Semiotica felina. Sono duecentosettantasei le tipologie di espressioni registrate nei gatti. E ciascuna vuole dare un input specifico, comunicare qualcosa, entrare in relazione col suo mondo, anche se con dubbi risultati. A dirlo è uno studio di Behavioural Processes. La ricerca si basa su videoregistrazione per centonovantaquattro minuti.
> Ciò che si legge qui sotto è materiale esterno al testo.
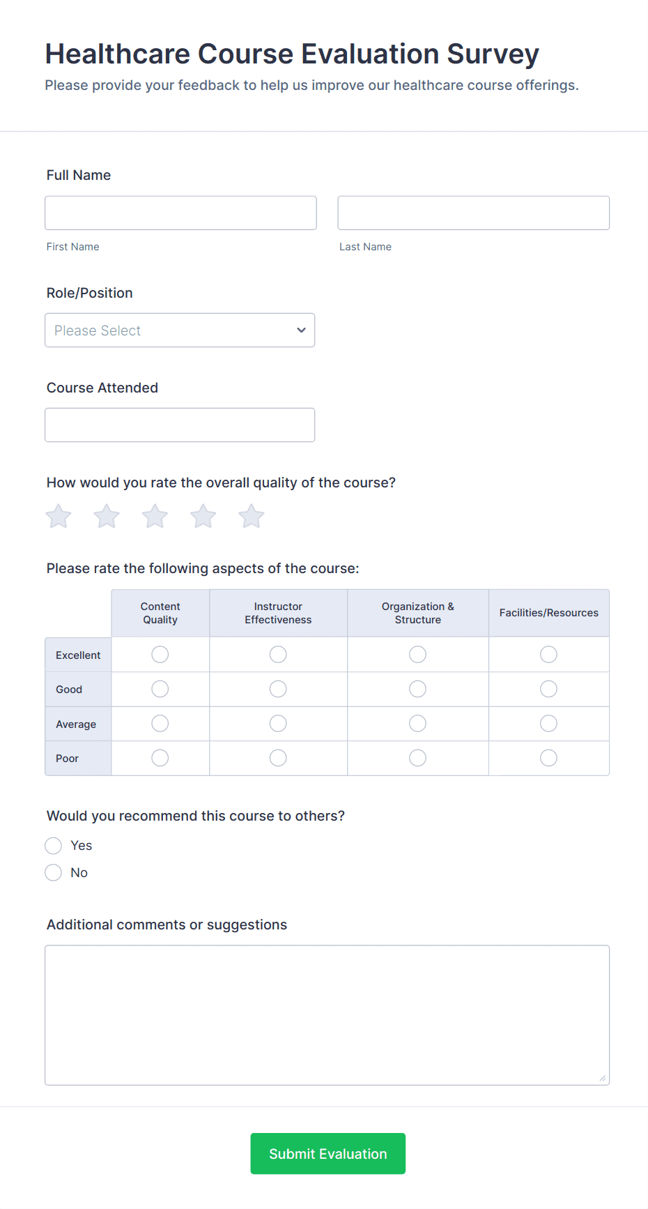 Course Evaluation Forms are essential tools used by educational institutions, training organizations, and instructors to gather feedback from students about a course’s content, delivery, and overall effectiveness. These forms help assess various aspects such as teaching methods, course materials, learning outcomes, and classroom environment. By collecting structured feedback, educators can identify strengths, pinpoint areas for improvement, and make data-driven decisions to enhance future courses. Use cases range from end-of-semester university evaluations and workshop feedback to online training assessments and continuing education reviews.
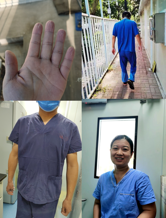方舱条件艰苦,即使是空调开足的情况下,工作人员们一次性工作4-6小时(穿防护服工作的极限时间是6小时),不吃不喝不上厕所,常常浑身湿透。检验科工作人员鲁招戴着防护手套的双手被汗水泡得发白,周宝鑫、李彤全身湿透、防护服中的汗水可以拧出水来,何立娟的孩子将母亲脸颊上浮现的口罩勒痕形容为“世界上最美丽的印迹”,党支部书记同时也是校医院方舱实验室创始人的张秀梅事事冲在最前、哪里需要去哪里……
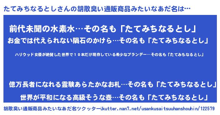 | 伝説のあだ名 | 『聞きしに勝る勇者たてみちなるとし』 |
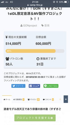 クラウドファンディングクリアしました。ありがとうございます。50日間の戦いでしたけど 早めにクリア出来てメンタル的にも安定しました。 クリアしづらいはしづらいで なんかキャンペーンとかやって頑張れるんですが そんなガツガツして 金を毟り取り 人に物乞いをする様なやり方は このプロジェクトではやりたくなかったので とても嬉しいです。僕が 小学生 中学生の時 どんな好きなアーティストでも CDを買うのは一枚や二枚でした。時代やフィールドのせいにして 少しそれを忘れて ただ数字に囚われる様な事はもうしたくありません。適材適数。そしてきちんと 多くの人に必要とされる そんな事をクラウドファンディングは可能にしてくれたと思います。本当ありがとう。 アルバム制作まで頑張ります。のし
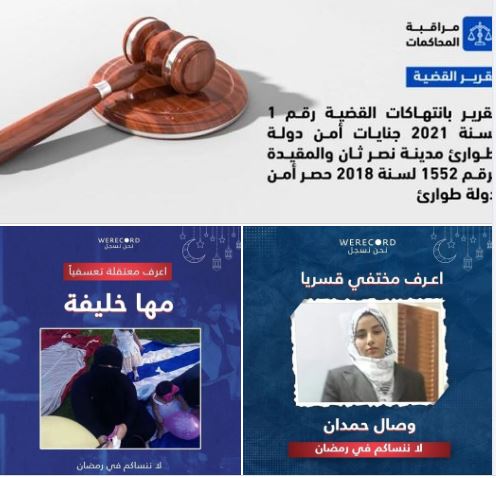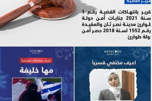 وقالت: "منذ اختطافها من قِبَل جهاز الأمن الوطني لا تعلم أسرتها عنها أي شيء ، ولم تظهر وانقطعت أخبارها تماما، وأشارت أنها أم لطفلين وكانت تعمل كموظفة بمكتب محاماة ، وطالبت بالكشف عن مكان احتجازها ورفع الظلم الواقع عليها وسرعة الإفراج عنها ".
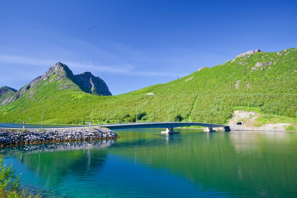 First impressions of Senja, were that it was an altogether hillier beast, and as I pedalled out of Grylleford and along the fjord, I was concerned that there didn’t appear to be any breaches in its steep sides. However, when I got a little closer, I saw that a bridge crossed the fjord up ahead, and led directly into a tunnel, and although the tunnel was a kilometre, uphill, I was confident that the climb would’ve been a lot worse if it wasn’t there.
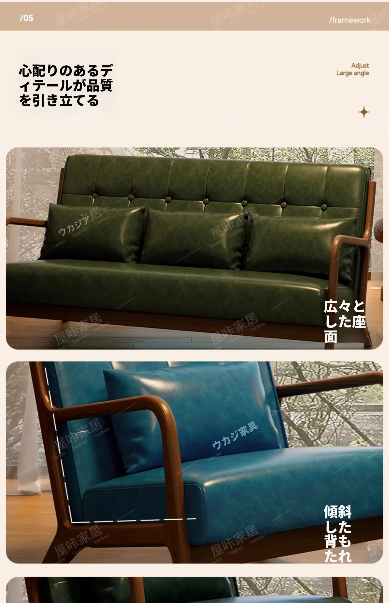 【防水オイルワックスレザー】カーキ色*2+マッシュルームテーブル
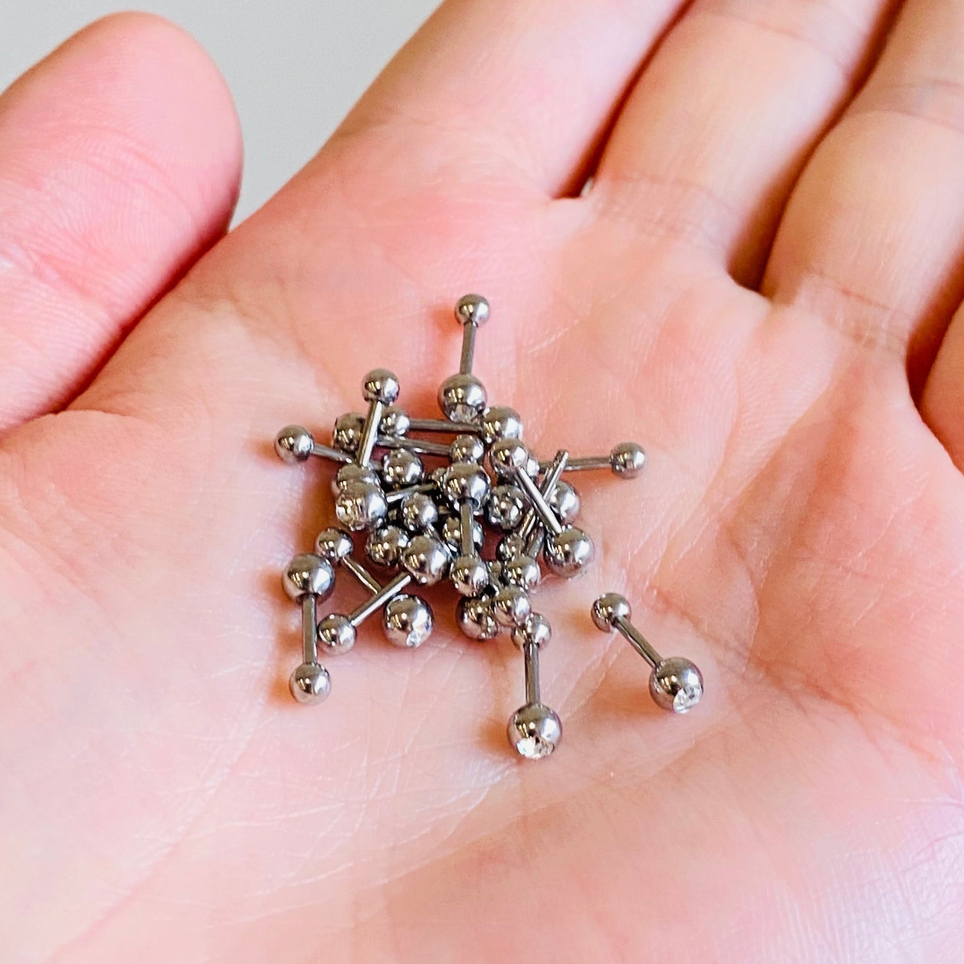 - Steel Tragus Cartilage Barbell with Round CZ Ball
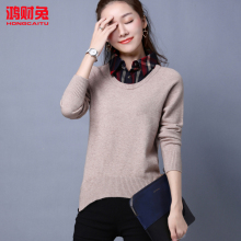 2017春秋新款女装衬衫领打底衫修身显瘦套头假两件针织衫女毛衣
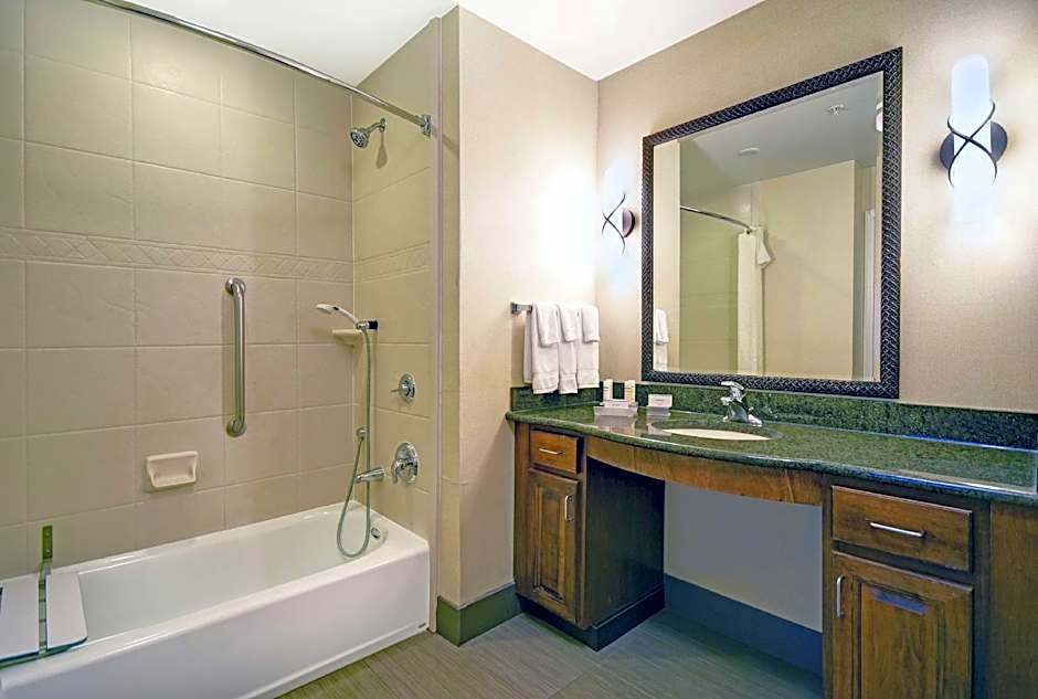 This mobility and hearing accessible non-smoking studio suite features one king-sized bed, and a roll-in shower. This suite also has a visual alarm and notification devices for the doorbell or door knock and incoming telephone calls. This suite has a kitchen built to lower scale with full-sized refrigerator, microwave, dishwasher and twin burner stove - plus utensils - to make dining in easy. For added convenience and flexibility, there is a HDTV, a full-sized sofa bed as well as an additional work table and chair, separate from the dining area table. This suite will keep you connected with complimentary high-speed internet access, telephone, and alarm clock with MP3 player capabilities and pre-set local radio stations. Any corresponding photo may not reflect the specific accessible room type or room feature.
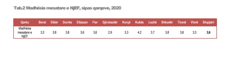 Në vitin 2020, numri mesatar i anëtarëve të NjEF është 3,6. Qarku me numrin më të madh të anëtarëve të NjEF është Kukësi me 4,2 anëtarë, ndërsa Gjirokastra është qarku me numrin më të vogël të anëtarëve në përbërjen e NjEF, me 2,9 anëtarë.
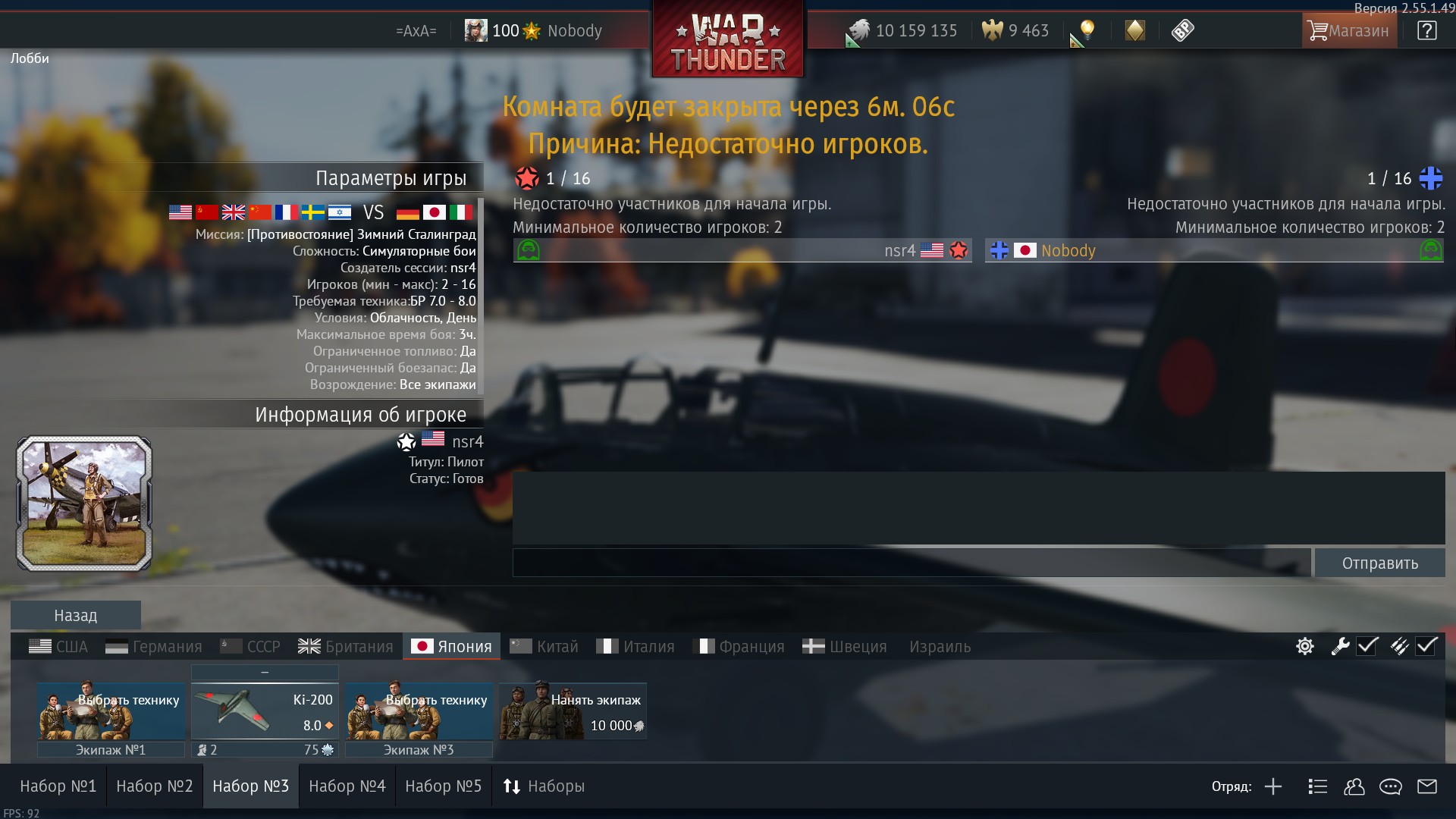 Вчера был Бээр 8.0, ну, думаю, пойду покачаю Ки-200, тем более что Ту-95 по бээру не проходит. А хрен там — нет сессий. Два раза простоял в очереди на карту Зимний Сталинград, так никто и не присоединился.
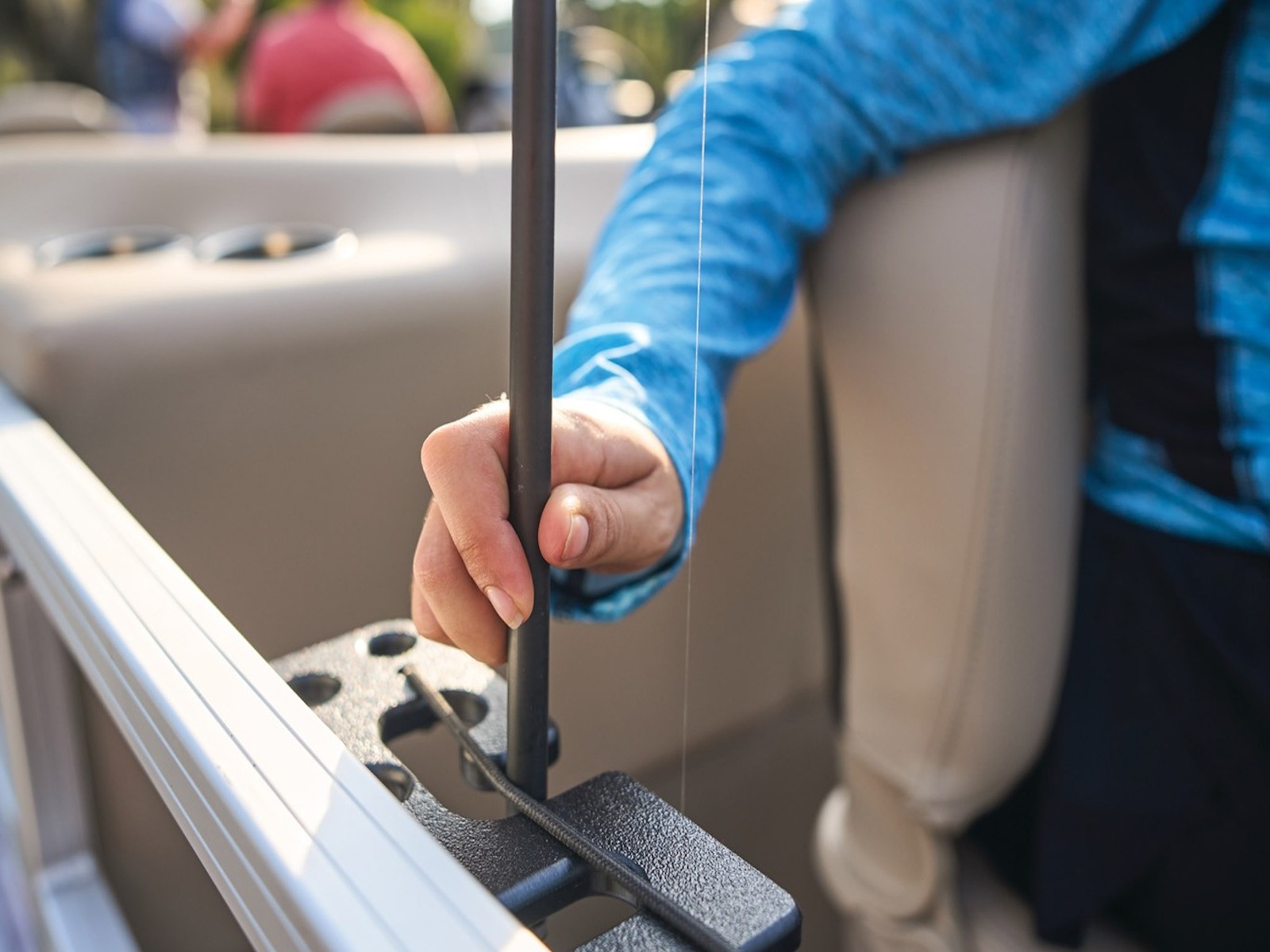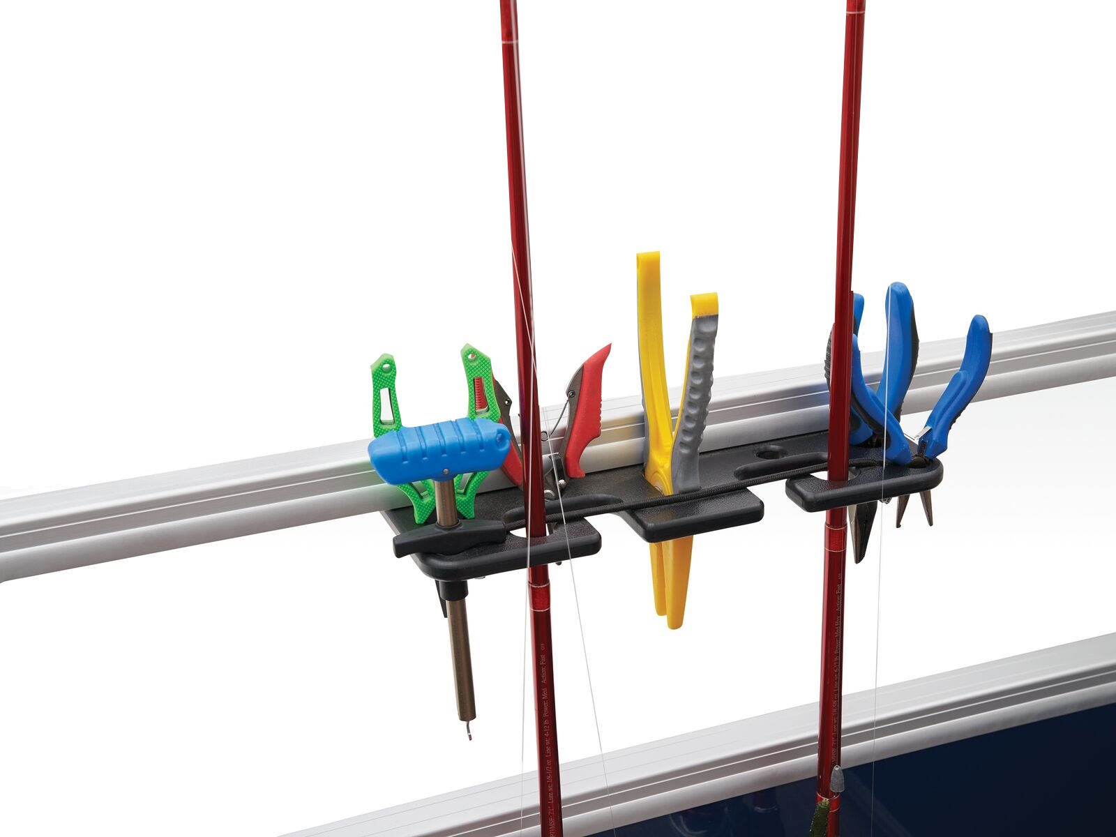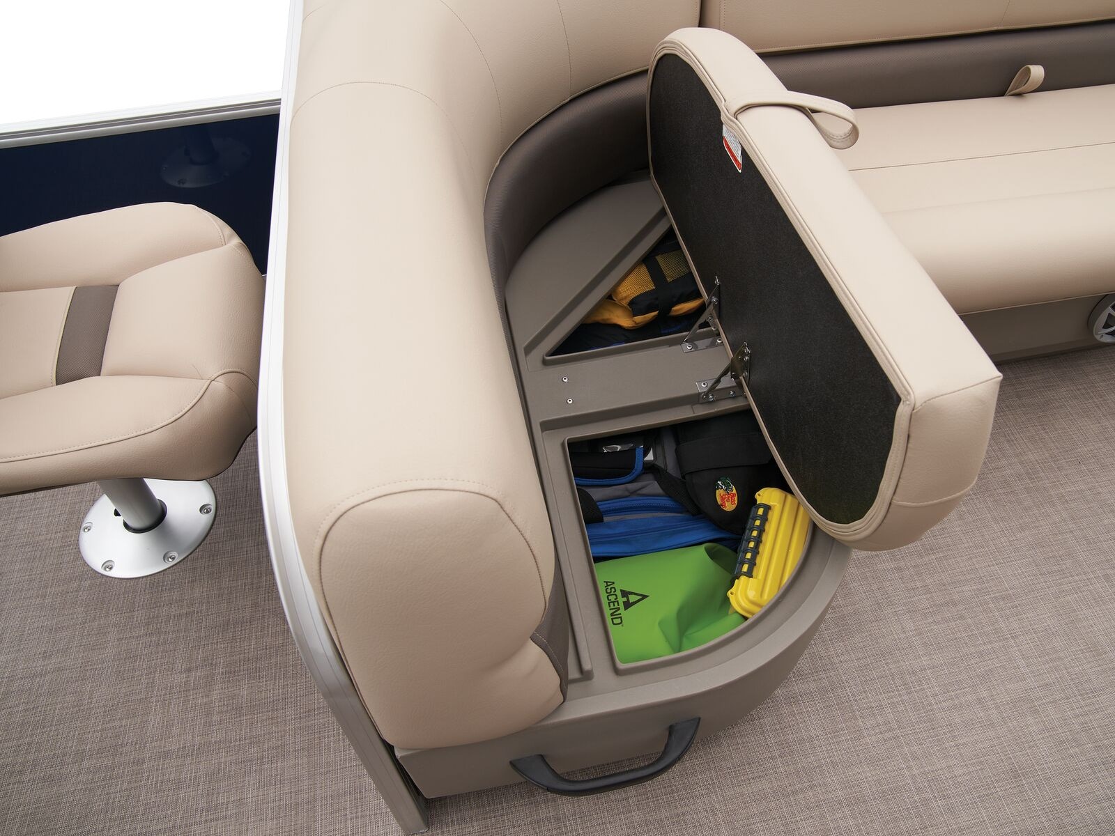- Front fishing station w/2 pedestal seat bases; rail-mounted rod & tool holders; & bow starboard storage compartment w/rod & drink holders
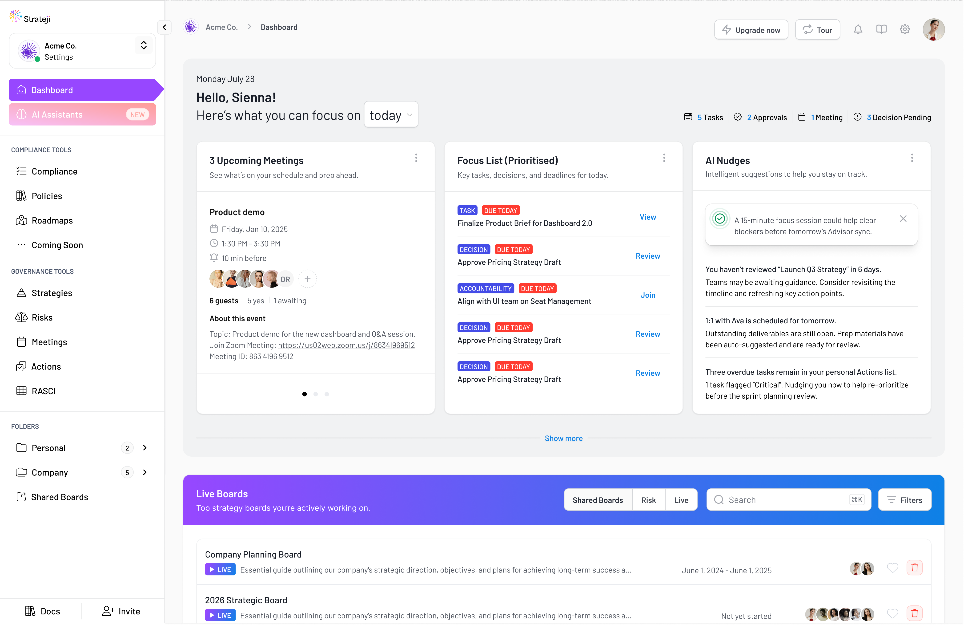 This customisable digital platform turns strategic intent into live priorities, accountable decisions, and visible progress across leaders and teams. Not as static plans or documents, but as a connected system that evolves as the work unfolds.

Sono stati così osservati i comportamenti di cinquantatre gatti domestici a pelo corto adulti al CatCafé Lounge di Los Angeles, California. Sono stati utilizzati sistemi di codifica delle azioni facciali progettati per i gatti. È stata confrontata la complessità e la composizionalità dei segnali facciali prodotti in contesti affiliativi e non affiliativi. Misurare la complessità e la composizionalità dei movimenti è stato possibile da esaminare grazie al numero e i tipi di movimenti dei muscoli facciali osservati in ciascun segnale. Chiaro che l’addomesticamento abbia avuto un impatto significativo sullo sviluppo dei repertori di segnali facciali intraspecifici nei gatti.
Il lavoro paziente e analitico è stato quello di selezionare ogni atto e associarlo a un sentimento specifico del felino – anche se una forma dubitativa deve sempre restare. Chiaramente esclusi i movimenti adottati per il sostentamento dell’animale: mangiare, bere, respirare e sbadigliare.
La campionatura dei ben duecentosettantasei movimenti fa impressione perché supera di gran lunga quella di altri animali che si ritenevano maggiormente sociali. Un esempio sono gli scimpanzé (357), i cani (27), gli esseri umani (44).
I gatti quindi conoscerebbero una varietà di messaggi, o addirittura comandi da impartire, al mondo esterno precedentemente inimmaginabili. Si ritiene anche che questa attitudine sia accentuata per la convivenza con l’uomo. Tutto da stabilire però quanto di questa semiotica felina sia intuitivamente percepito dai rispettivi custodi del felino.